Specifically, for alleviating the notorious curse-of-dimensionality issue, PyPop7's focus is to cover their State Of The Art (SOTA) for Large-Scale Optimization (LSO), though many of their small- and medium-scaled versions or variants are also included here (for e.g., theoretical or benchmarking or educational or practical purposes). For a growing list of its diverse use and/or citation cases, please refer to this online website. Although we have chosen GPL-3.0 license initially, anyone could use, modify, and improve it entirely freely for any (no matter open-source or closed-source) positive purposes.

How to Quickly Use

"In our opinion, the main fact, which should be known to any person dealing with optimization models, is that in general, optimization problems are unsolvable. This statement, which is usually missing in standard optimization courses, is very important for understanding optimization theory and the logic of its development in the past and in the future."---From Prof. Yurii Nesterov

The following 3 simple steps are enough to utilize the black-box optimization power of PyPop7:

  • Recommend using pip to install pypop7 on the Python3-based virtual environment via venv or conda [but not mandatory]:
$ pip install pypop7

For PyPop7, the number 7 was added just because pypop has been registered by other in PyPI. The icon butterfly for PyPop7 is used to respect/allude to the book (butterflies in its cover) of Fisher ("the greatest of Darwin's successors"): The Genetical Theory of Natural Selection, which directly inspired Prof. Holland's proposal of Genetic Algorithms (GA).

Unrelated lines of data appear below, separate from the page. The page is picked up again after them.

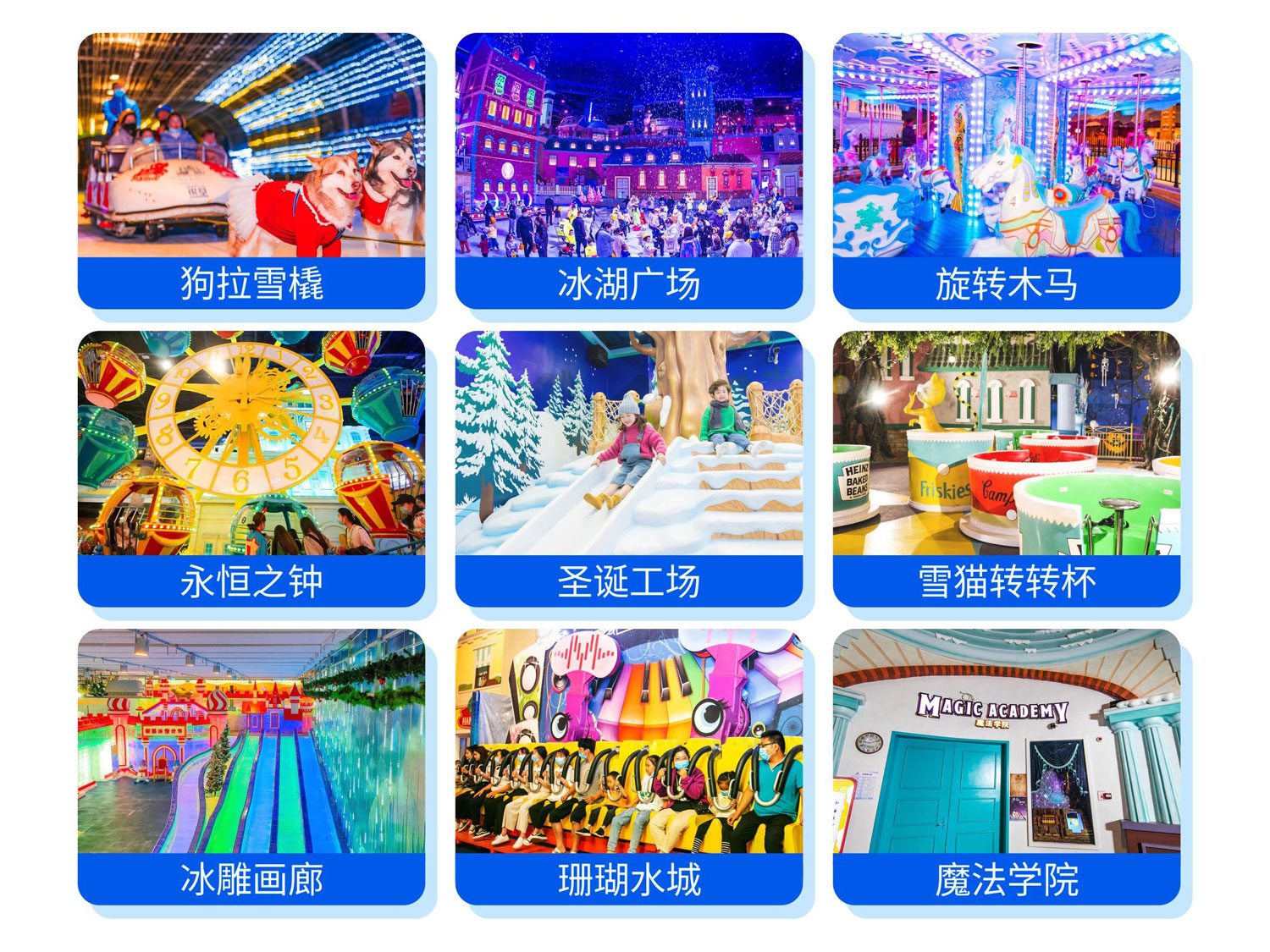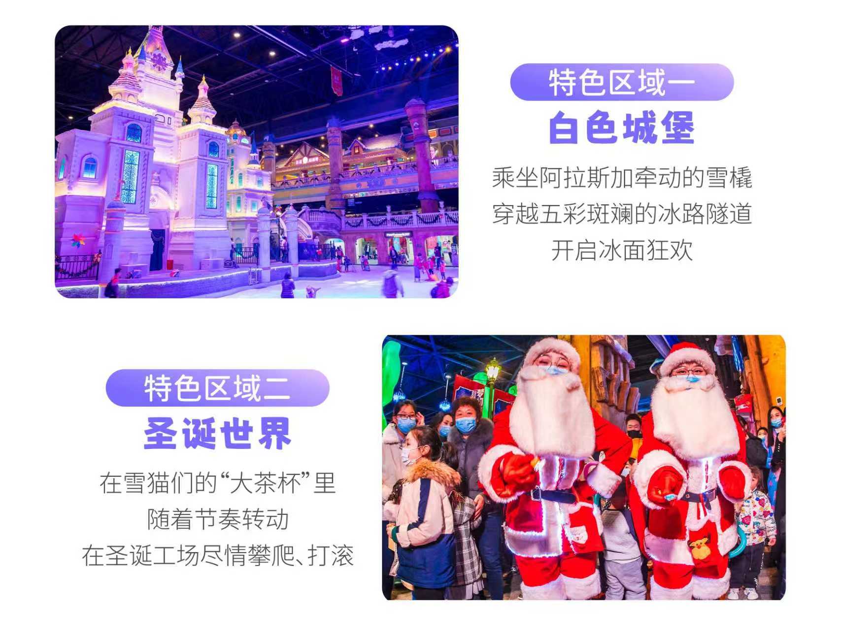 【费用包含]旋转木马永恒之钟(摩天轮)欢跳雪精灵(弹跳塔)雪猫转转杯(转转杯)猫城冒险(过山车)猫咪韵律舞台(长凳)圣诞碰碰靴(碰碰车)BALL HOUSE(泡泡球馆)圣诞工场(软堡)冰雪海盗船魔法学院 雪猫窝(儿童沙地)
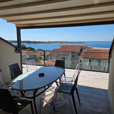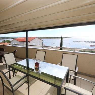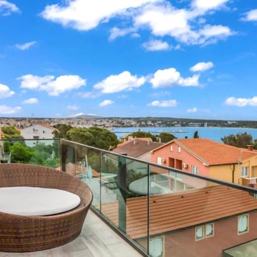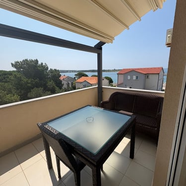 Veliki balkon pruža prekrasan pogled i savršeno mjesto za opuštanje nakon dana provedenog na moru ili u istraživanju Novalje.
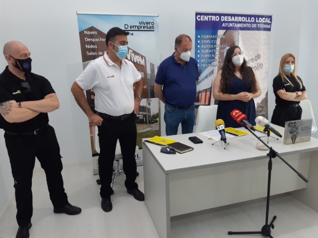 El alcalde de Totana, Juan José Cánovas, y la concejala de Desarrollo Económico, Fomento y Empleo, Inmaculada Blázquez, han suscrito un nuevo convenio de colaboración con un emprendedor totanero que dedicará su actividad a la gestión y servicios de conserjería y control de accesos, Diego Puerto, para la cesión de unas instalaciones del Vivero de Empresas "VIVEM", ubicado en el polígono industrial "El Saladar".
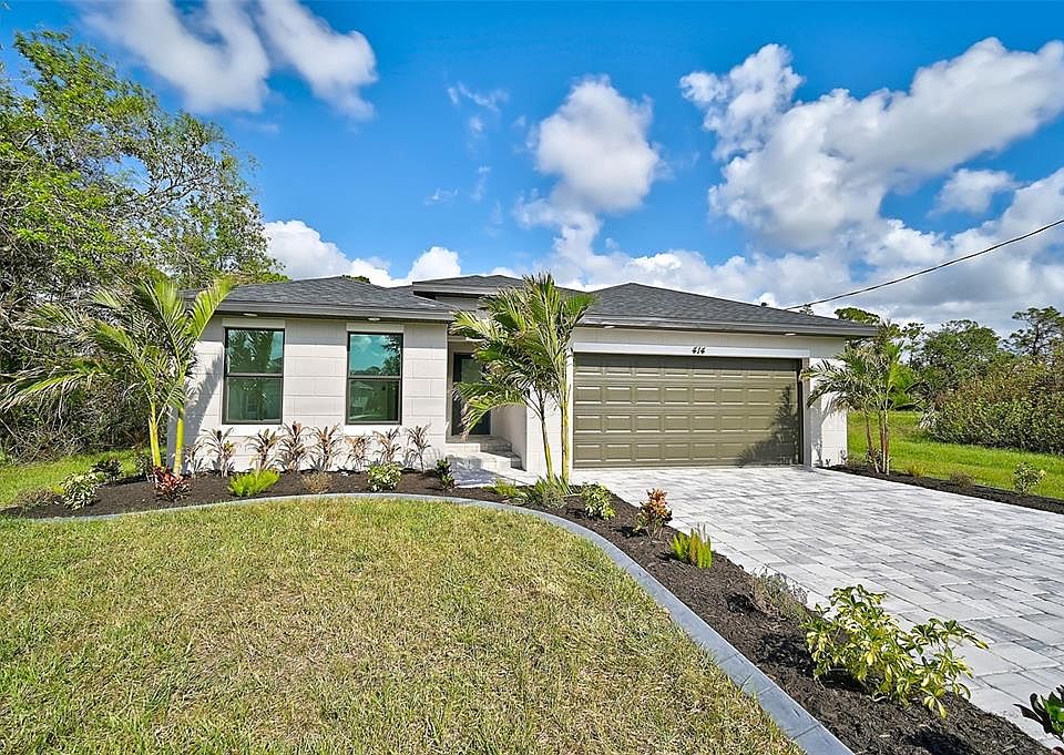 Welcome to Rotonda Heights! NO FLOOD ZONE! This new construction four bedroom two bath pool home is a testament to modern comfort and style. The exterior façade boasts contemporary architectural elements, featuring clean lines, and a charming entryway that sets the tone for what lies within. Upon entering, you are welcomed to into a bright and airy foyer that sets the stage for the rest of the home. The open concept design flows effortlessly from room to room, creating an ideal space for both entertaining and every day living. Complete with impact windows and a washer & dryer. The gourmet kitchen serves as the heart of the home, offering ample counter space, modern appliances, and stylish cabinetry that combines both beauty and practicality. Adjacent to the kitchen, the spacious living area adorned with crown molding and tray ceilings, provides the perfect setting for relaxation and socializing. The luxurious master suite, complete with walk-in closets, and spa-like bathroom provides a private retreat where you can unwind and rejuvenate after a long day. The additional three bedrooms and bath offer plenty of space for family members or guests. Step outside the living area onto your large covered lanai that leads to your sparkling HEATED swimming pool & spa providing the perfect place for entertaining and relaxing and is equipped with an outdoor shower and plumbed for an outdoor kitchen. This modern design, quality craftsmanship, and attention to detail offers a lifestyle of luxury and comfort that is truly unparalleled. Conveniently located to downtown Wellen Park in a short drive to Manasota Key in Boca Grande.
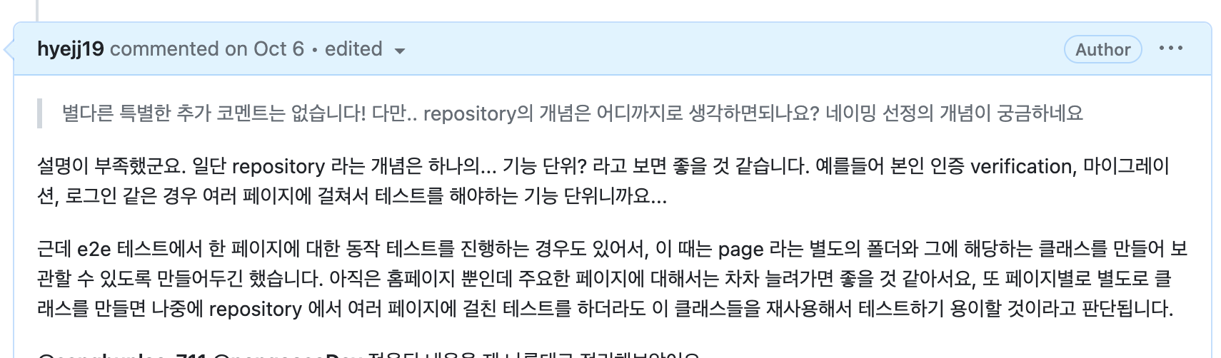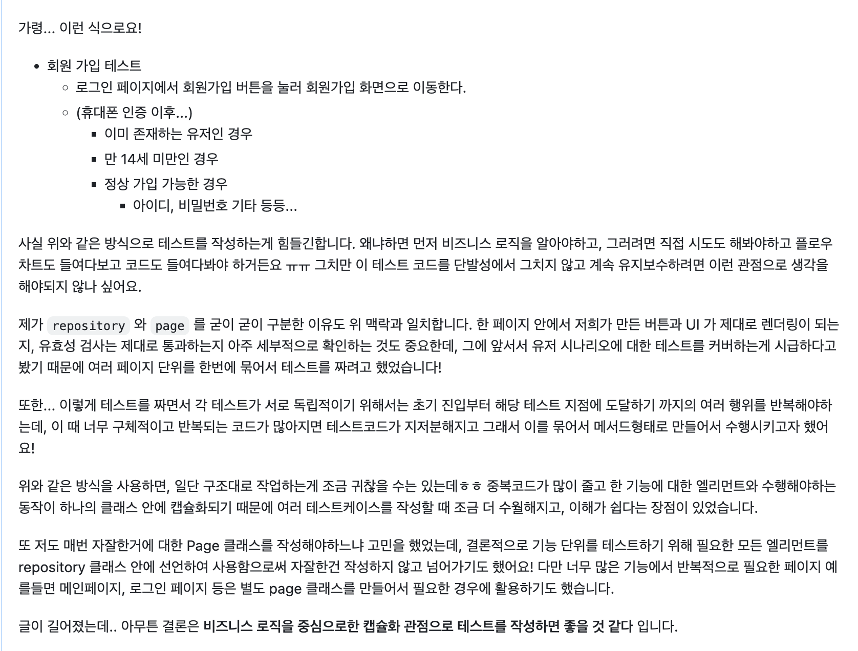 처음엔 내가 도입했지만 팀원들과 의견을 조율하며 편하고 관리하기 쉬운 방향으로 변화하고 있고, 현재도 이 구조를 기반으로 많은 e2e 테스트가 작성되었다. 리팩토링에 대한 부담도 줄어들었지만, 테스트 로직을 작성하며 우리 서비스에 대한 이해도도 높일 수 있었던 중요한 경험이었다. 서비스가 어떻게 돌아가는지 알아야 무엇이 문제인지, 어떻게 고쳐야 할지 결론적으로는 일을 잘 하는 방향으로 나아갈 수 있기 때문이다.

  • Define the objective / cost / loss / error / fitness function to be minimized for the optimization problem at hand (here the term fitness function is used, in order to follow the established terminology tradition of evolutionary computation):
import numpy as np  # for numerical computation (as the computing engine of pypop7)

# Rosenbrock (one notorious test function from the continuous optimization community)
def rosenbrock(x):
    return 100.0 * np.sum(np.square(x[1:] - np.square(x[:-1]))) + np.sum(np.square(x[:-1] - 1.0))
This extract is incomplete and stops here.